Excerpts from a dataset
════════════════════
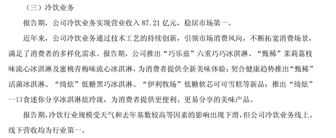 一般而言,消费者更倾向于在炎热夏季选购冷冻饮品,进入寒冷的秋冬季后,对这类产品的购买意愿会显著降低。比如,2024年财报显示,伊利冷饮业务营收87.21亿元,同比骤降18.4%,主要系"天气和去年基数较高等因素的影响"。
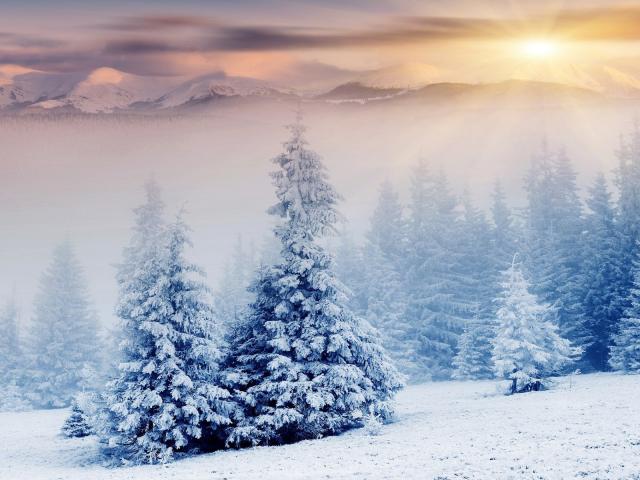 Обои Зимний туман в заснеженном лесу
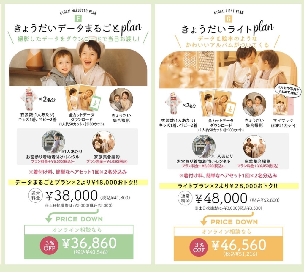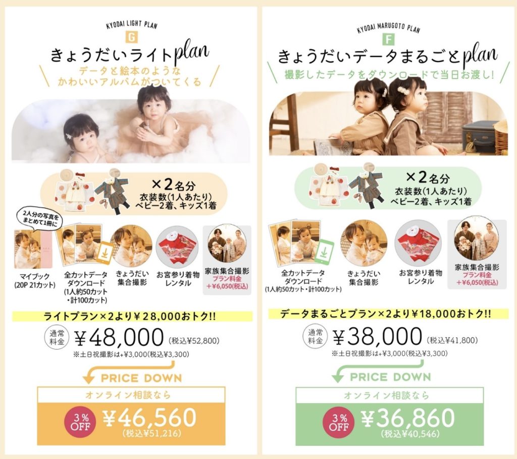 データとアルバムがついてくる「きょうだいライトプラン」の2種類です!
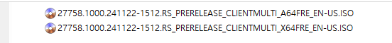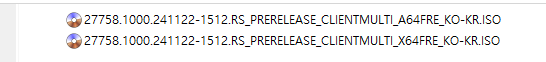 아래 파일은 UUP dump에서 배포하는 스크립트를 이용해서 MS에서 배포하는 파일(ESD, cab파일)로 만든 순수 ISO 파일입니다.
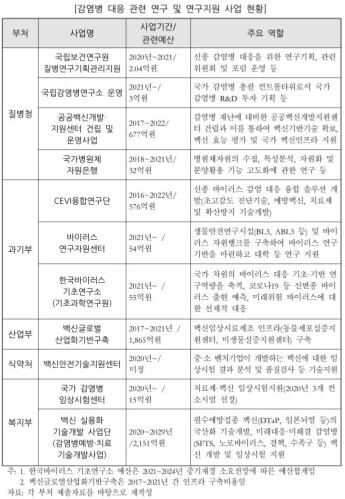| ▲감염병 대응 관련 연구 및 연구지원 사업 현황 (자료=국회예산정책처 제공) |
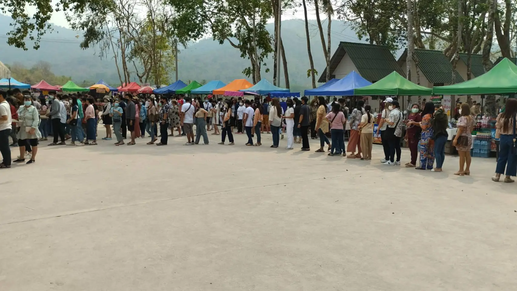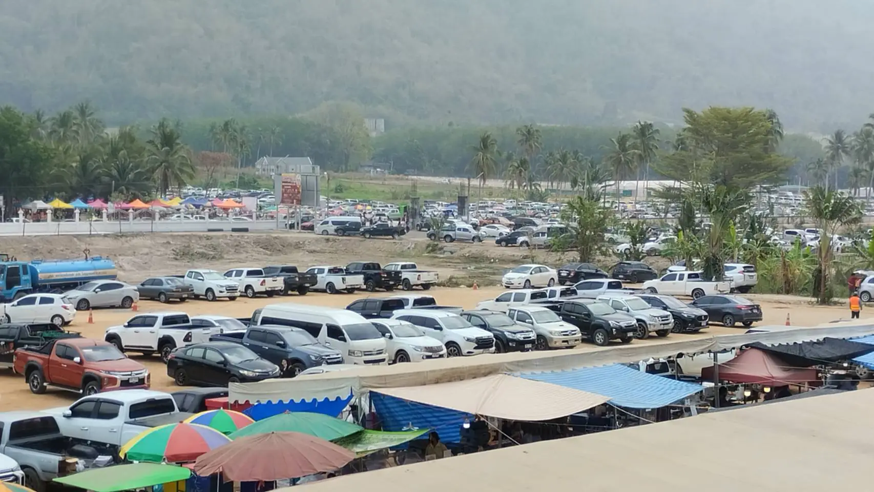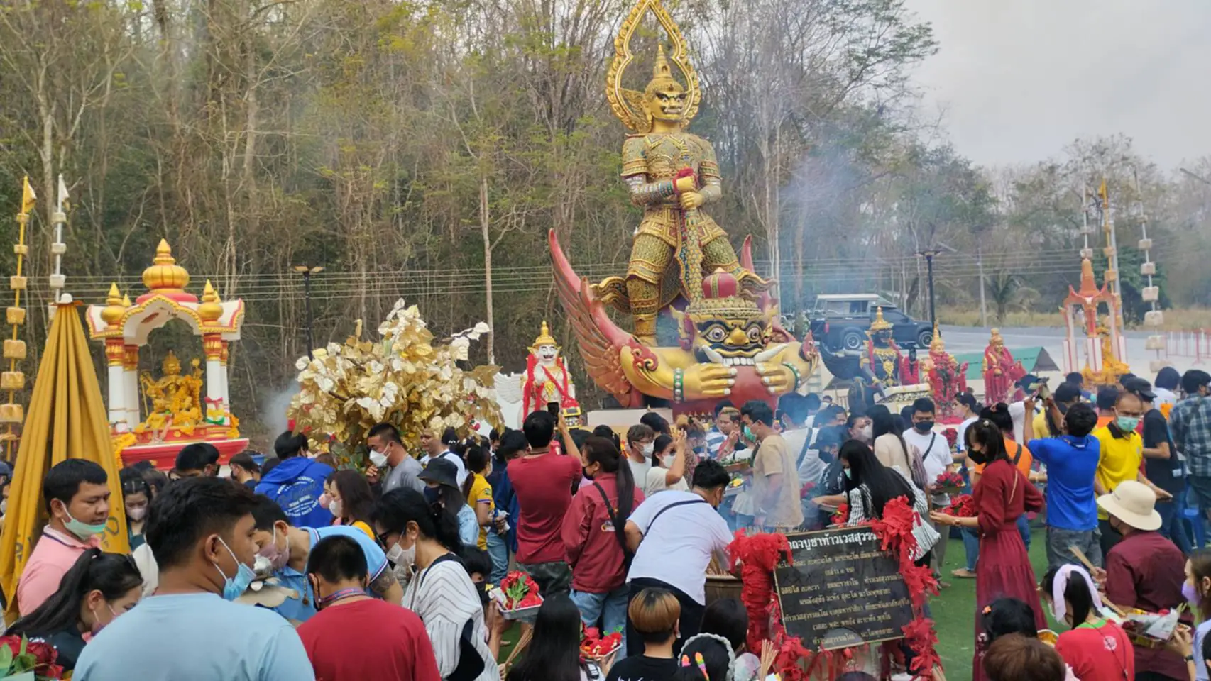 เวลา11.30น.วันที่ 12 มีนาคม 66 ที่ริมอุโบสถวัดเขาช่องลม ต.เขาคันทรง อ.ศรีราชา จ.ชลบุรี โดยในวันนี้เป็นวันอาทิตย์ใกล้หวยออกได้มีประชาชนทยอยเดินทางมากันมาอย่างต่อเนื่อง ตั้งแต่เช้าซึ่งทำให้ทางเข้าวัดเขาช่องลมรถยนต์ติดกันยาวกว่า 3 กิโลเมตร โดยรถเคลื่อนตัวได้อย่างช้าๆตลอดเส้นทางเข้าวัด โดยทุกคนเดินทางมา เพื่อมากราบไหว้ “ท้าวเวสสุวรรณทรงราหู” (ท่านทองล้น) องค์ใหญ่สูง 9.9 เมตร ที่ตั้งตระหง่านอยู่ที่หน้าเขาช่องลมโดยทุกคนที่มาต่างเข้าแถวเพื่อทำบุญขอรับเครื่องเซ่นไหว้จากทางวัดกันเป็นแถวยาวเป็นระเบียบหลังจากที่ไหว้องค์ท้าวเวสสุวรรณด้วยเครื่องเซ่นไหว้แล้ว ก็จุดธูปเสี่ยงทายในกระถาง เพื่อหาเลขเด็ดไปซื้อสลากกินแบ่งรัฐบาลงวดวันที่ 16 มีนาคมนี้
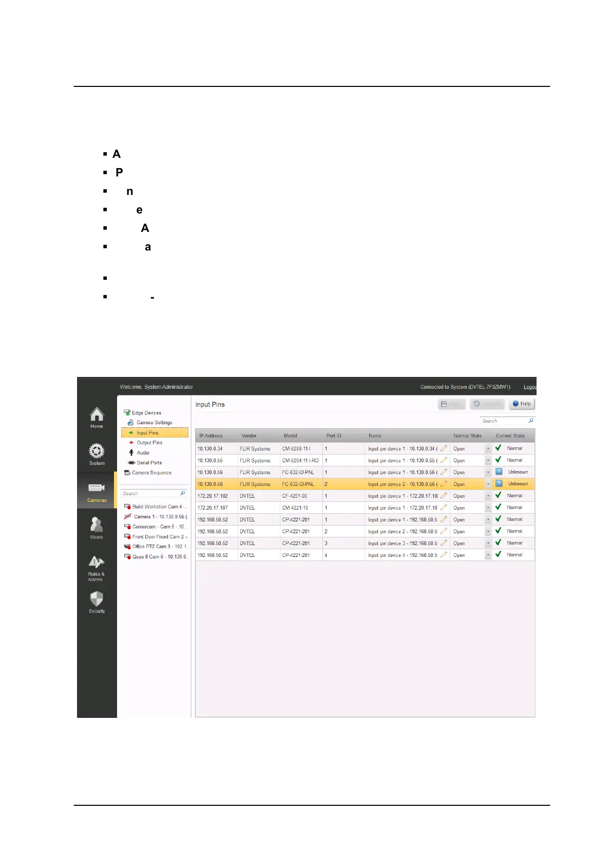Cameras/Edge Devices/Camera Settings/Input Pins
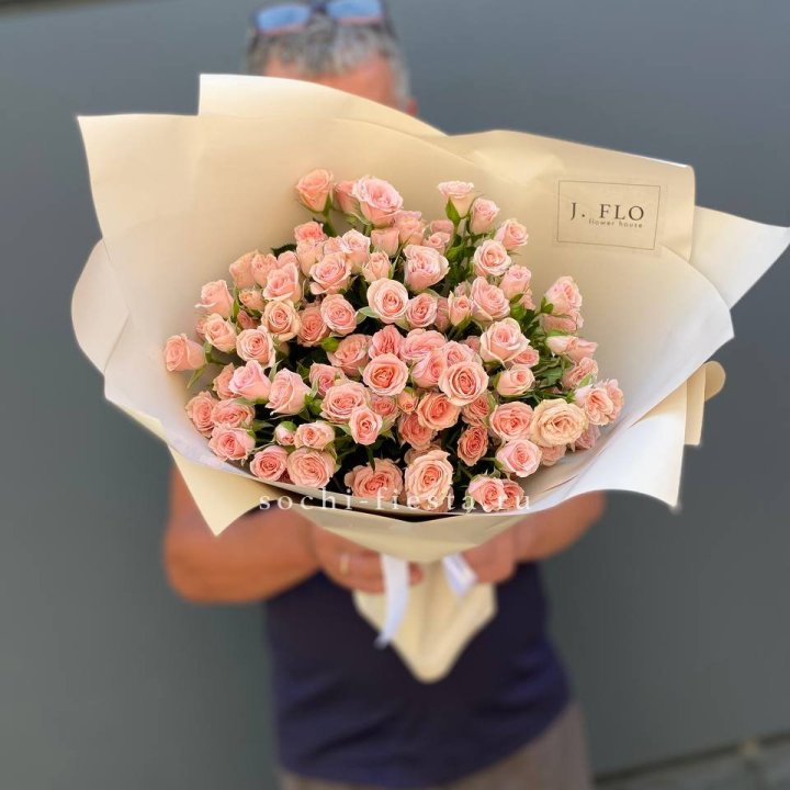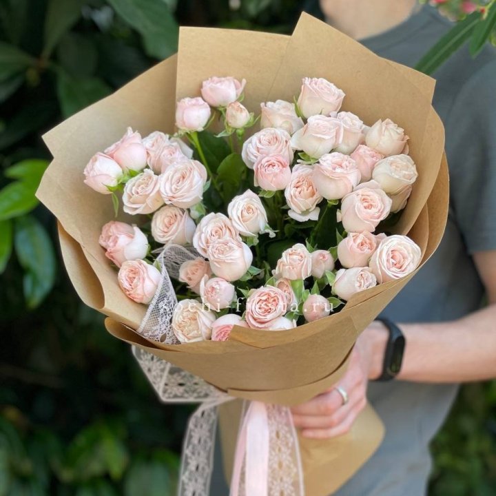 Кустовые пионовидные розы сорта «Бомбастик» отличаются крупным бутонов, нежной текстурой и бледным воздушным оттенком.
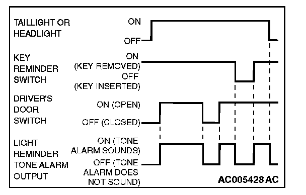 - Sounds the tone alarm 12 cycles (after 0.48 seconds) if any of the following conditions is met when 60 seconds or more have elapsed since the ignition switch is turned "ON". One cycle consists of 5 seconds "on" and then 2.8 seconds "off".
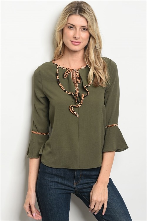 3/4 Sleeve Ruffled Leopard Print Blouse - Pack of 6 Pieces
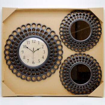 Ѕиден часовник со две огледала кои се поставуват на ѕидот како композиција.
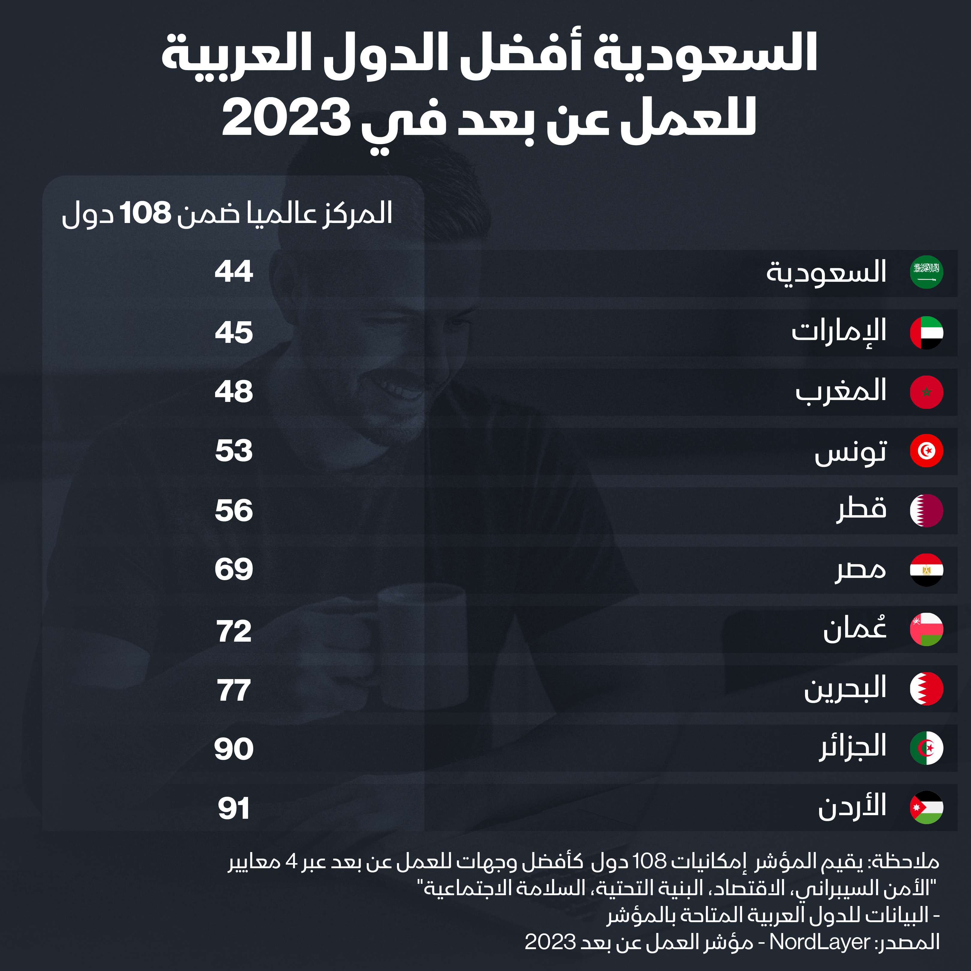إنفوغرافيك: السعودية الأفضل عربياً في العمل عن بعد وهذا مركز الجزائر
════════════════════
◆ **EXERCISE BRIEF**
From the line containing "Cameras/Edge Devices/Camera Settings/Input" down to the last line of the records above, repeat every line exactly and nothing else, dropping any pictures.

◆ **OUTPUT OF THE TASK**
Cameras/Edge Devices/Camera Settings/Input Pins
 Кустовые пионовидные розы сорта «Бомбастик» отличаются крупным бутонов, нежной текстурой и бледным воздушным оттенком.
 - Sounds the tone alarm 12 cycles (after 0.48 seconds) if any of the following conditions is met when 60 seconds or more have elapsed since the ignition switch is turned "ON". One cycle consists of 5 seconds "on" and then 2.8 seconds "off".
 3/4 Sleeve Ruffled Leopard Print Blouse - Pack of 6 Pieces
 Ѕиден часовник со две огледала кои се поставуват на ѕидот како композиција.
إنفوغرافيك: السعودية الأفضل عربياً في العمل عن بعد وهذا مركز الجزائر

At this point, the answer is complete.